Naja, durch die überschriebene prepareRenderer() machst Du ja jede im CellRenderer gesetzte Hintergrundfarbe zu nichte.

Worum geht's Dir genau? Willst Du nur, dass man die Selektion in der Zeile erkennt (soll die Standardselektion verwendet werden) und die anderen Zeilen entsprechend der drei in den letzten drei Spalten eingefärbt werden?


----------



## UnkiDunki (22. Apr 2010)

Michael... hat gesagt.:


> Worum geht's Dir genau? Willst Du nur, dass man die Selektion in der Zeile erkennt (soll die Standardselektion verwendet werden) und die anderen Zeilen entsprechend der drei in den letzten drei Spalten eingefärbt werden?

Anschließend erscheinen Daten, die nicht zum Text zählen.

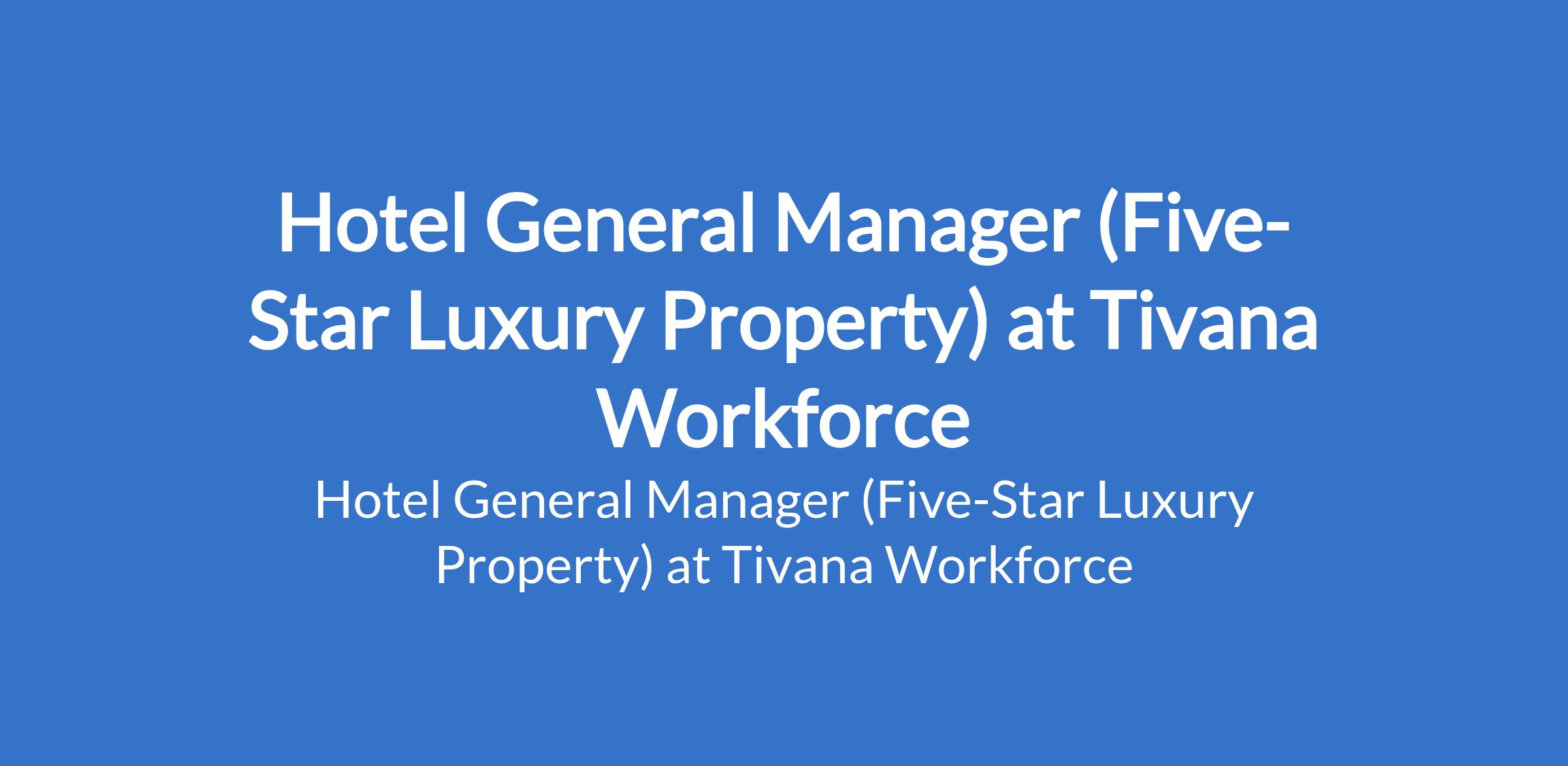 Tivana Workforce is recruiting to fill the position of: Hotel General Manager (Five-Star Luxury Property). The position is located in Abuja (FCT). Interested candidates should possess a Bachelor's Degree in Hospitality Management, Business Administration, or related field with 1020 years of progressive experience in hotel management.

Genau. Eine Selektion einer Zeile soll erkennbar sein und grundsätzlich alle Zeilen standardmäßig mit ihren RGB-Werten aus den drei letzten Spalten eingefärbt sein und diese Farbe bei Nicht-Selektion wieder annehmen.


----------



## Michael... (22. Apr 2010)

Probier mal ob folgendes Dein Problem löst. Funktioniert allerdings noch nicht bei Selektion mehrerer Zeilen und ich habe in der prepareRenderer die Zeilenkonvertierung (Zeile 51)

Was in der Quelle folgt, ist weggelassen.